The Surrey Database of Agreement from the Surrey Morphology Group includes information from 15 languages. The following citation is included in their Theoretical Assumptions and gives a good first impression what agreement actually is about:

"The term agreement commonly refers to some systematic covariance between a semantic or formal property of one element and a formal property of another. For example, adjectives may take some formal indication of the number and gender of the noun they modify." (Steele 1978: 610)

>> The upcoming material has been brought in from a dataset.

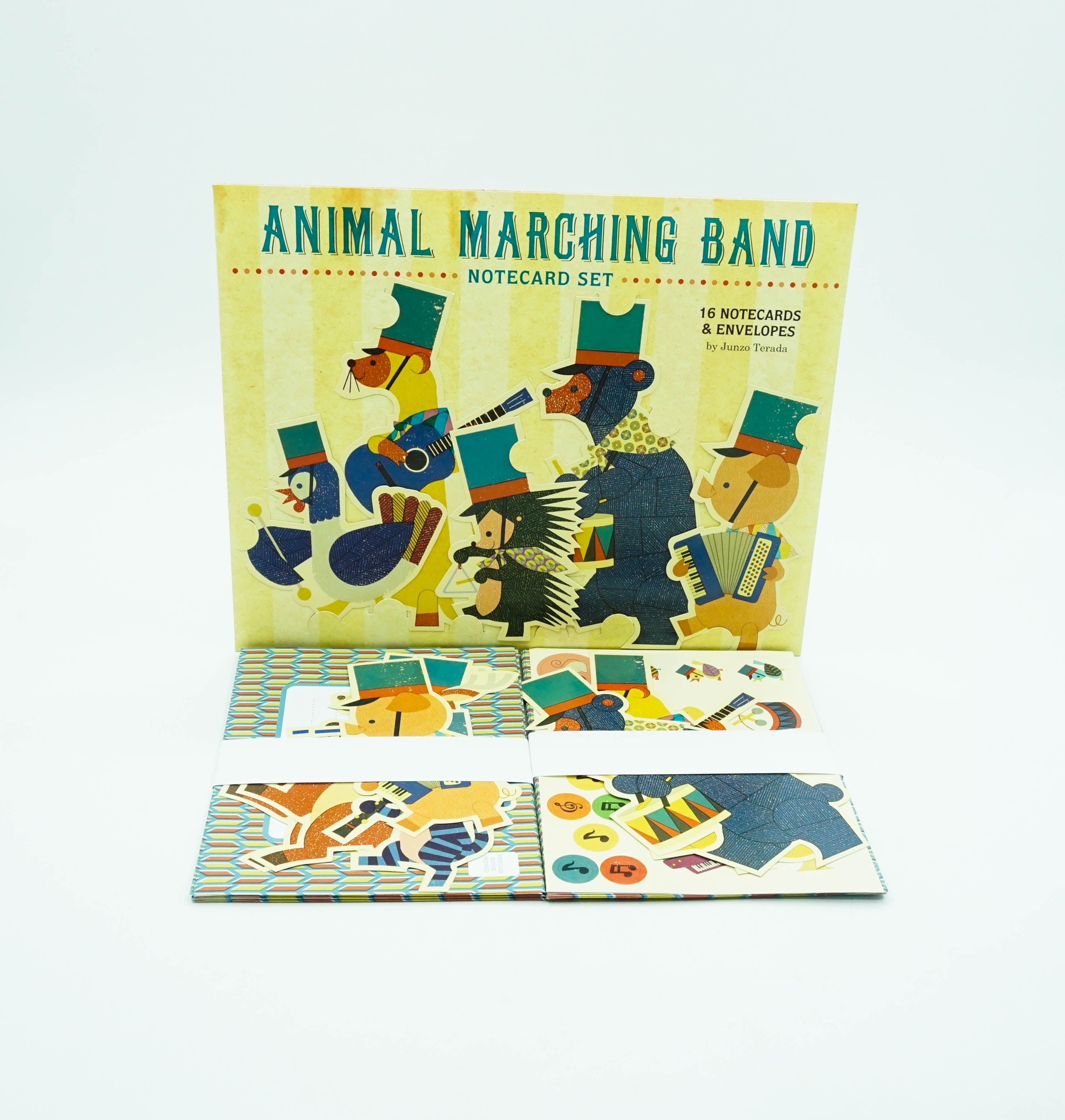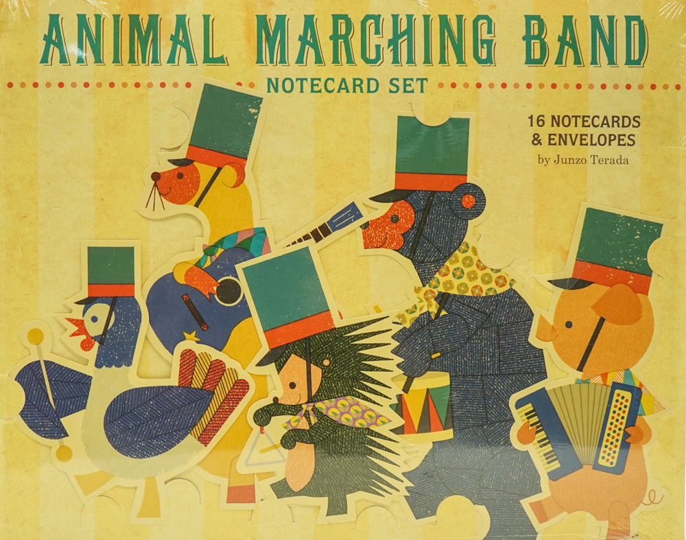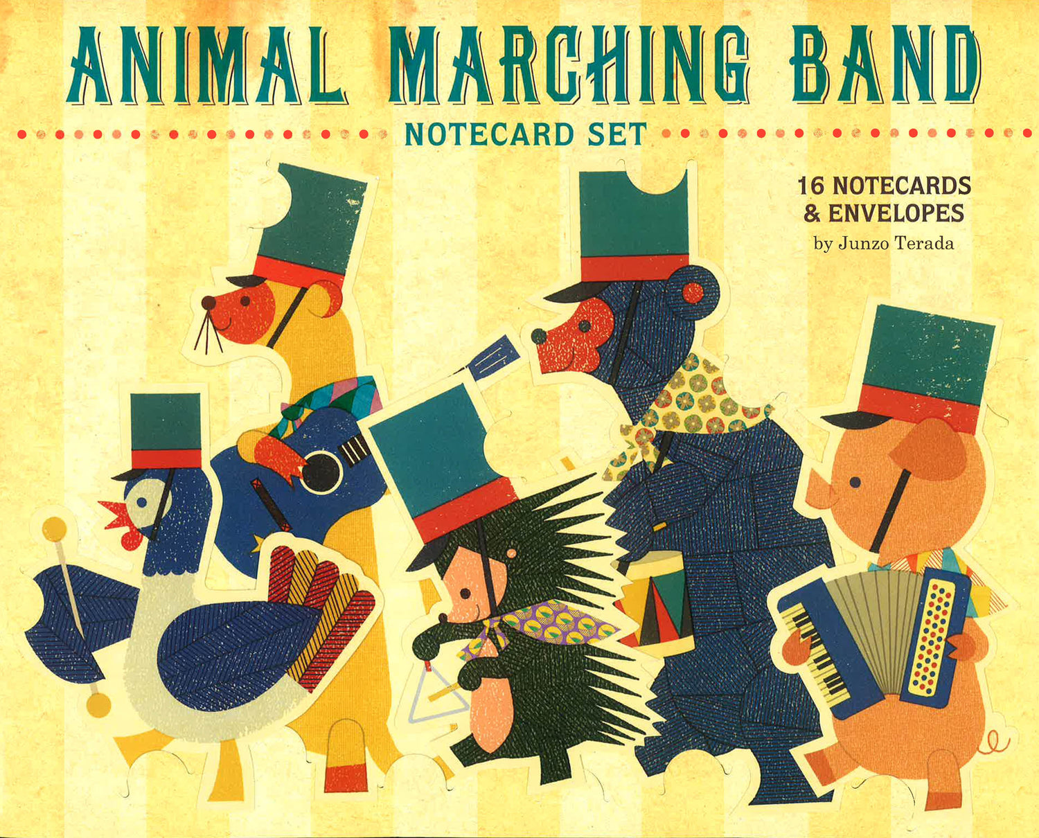 A set of 16 die-cut notecards in the shape of Junzo Terada's adorable animals! The package includes eight different designs repeating twice, plus a sticker sheet. [Animals on Parade format.

The site also provides in documentation about how to make queries (including short descriptions of the most important linguistic expressions) and how to interpret the resulting information.
The Surrey Morphology Group has built four other databases that are on-line browsable:

Most of the Surrey databases have the same sort of interface. The first two are of course highly related to each other; they both deal with syncretism although the second focuses on person syncretism. Syncretism occurs when two or more functions are represented by the same morphological form. For example the lopen ('walk') is the inflectional form for 1st, 2nd and 3rd person plural. Next to person syncretism you can search the 'all type' database for number, case, gender, tense, mood, voice, aspect and definiteness. Syntax, semantics and word class can be considered to play a role as well.
If you visit the homepage of the Suppletion Database, you will immediately encounter a clear definition of 'suppletion' which makes it rather redundant to repeat it here. The Deponency Database categorizes "mismatches between the apparent morphosyntactic value of a morphological form and its actual value in a given syntactic context."

Ethnologue (SIL) covers more than 6,000 languages. In the Introduction a short historical description shows the start and development of the catalogue. In the catalogue itself you find information about languages, dialects, language families, language regions, populations including their statistics. Also geological, ecological, religious background information and more.. The information can be found either by clicking a region an the map or by browsing the database.

The Universals Archive of the University of Konstanz collects the universal 'rules' for language. These are extracted from linguistic literature and have often the form: "If language L has property X, it must also have property Y." Of each universal is listed where it can be found in the literature; if there are any, counterexamples are given, as well as explanatory comments. The laws do not have names, as you often see in physics and math, but a number and up till now there are 2034 of them listed in the archive. A brief guide maybe of help browsing/searching and interpreting the data.
Wherever there are laws and regularities, there is rule breaking and exceptional behaviour. Das Grammatische Rarit├Ątenkabinett is created to store the rarities of human language. The database has almost the same structure ast The Universal Archive but has in addition recorded in which language(s) a rarity has been found and, if so, which universal is violated. The 144 listed phenomena are being typed as rarum (rare), rarissimum (very rare) or singularium (unique).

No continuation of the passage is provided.